_Problem requirements_
Look through the entries below for the line with "Complete your baby's" and the line with "ОТВЕТ на задание", then give again exactly those two lines and all lines between them, minus the pictures.

_Data section_
▽

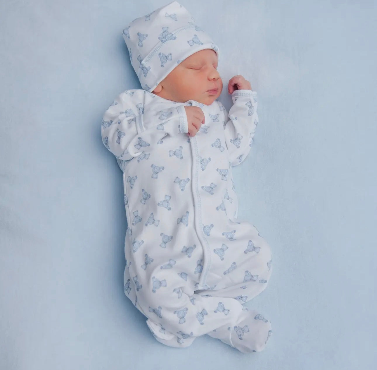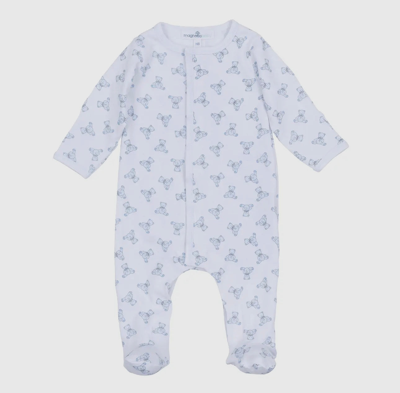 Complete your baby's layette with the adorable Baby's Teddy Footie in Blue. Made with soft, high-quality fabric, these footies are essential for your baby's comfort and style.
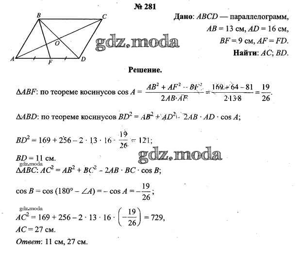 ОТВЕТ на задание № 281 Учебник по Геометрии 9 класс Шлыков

△
▽

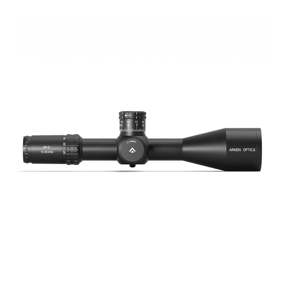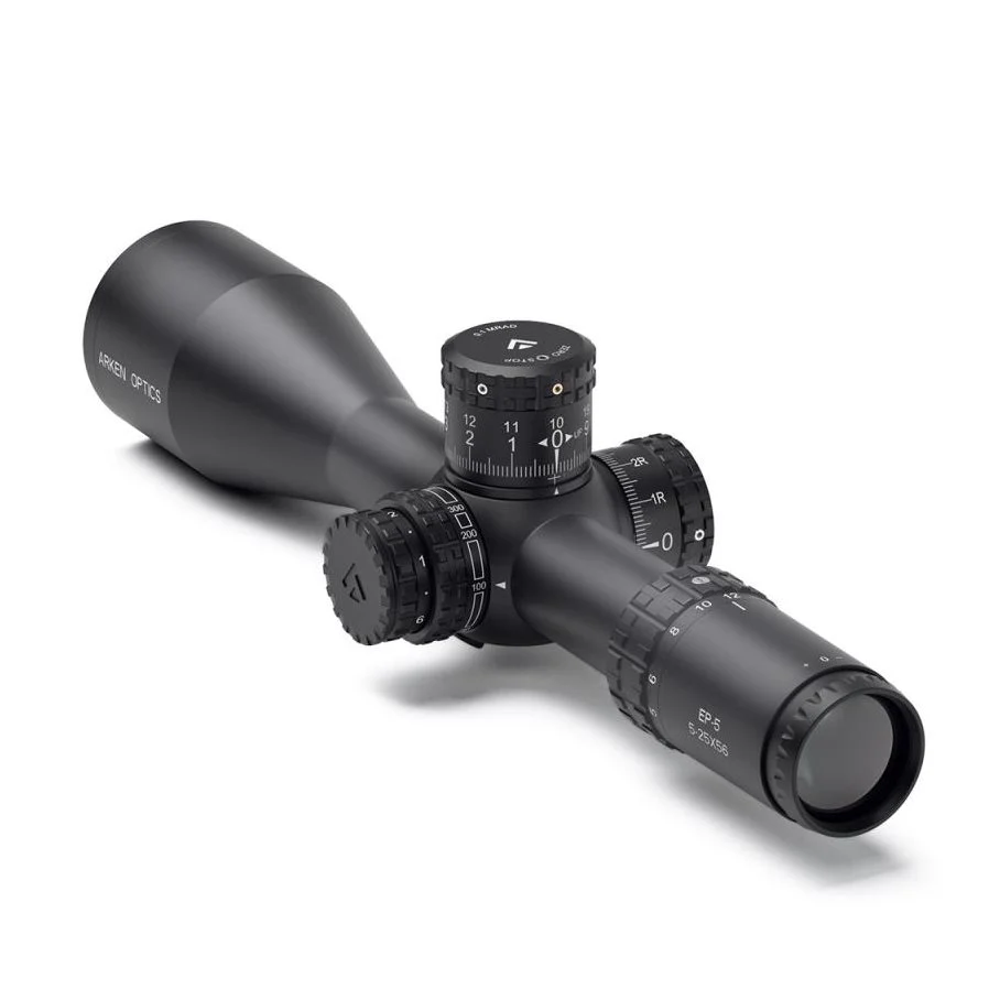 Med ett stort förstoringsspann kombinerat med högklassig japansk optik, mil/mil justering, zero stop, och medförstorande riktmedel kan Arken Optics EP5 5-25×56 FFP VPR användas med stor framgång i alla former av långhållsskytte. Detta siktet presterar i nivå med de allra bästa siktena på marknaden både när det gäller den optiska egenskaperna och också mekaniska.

△

_Exercise result_
 Complete your baby's layette with the adorable Baby's Teddy Footie in Blue. Made with soft, high-quality fabric, these footies are essential for your baby's comfort and style.
 ОТВЕТ на задание № 281 Учебник по Геометрии 9 класс Шлыков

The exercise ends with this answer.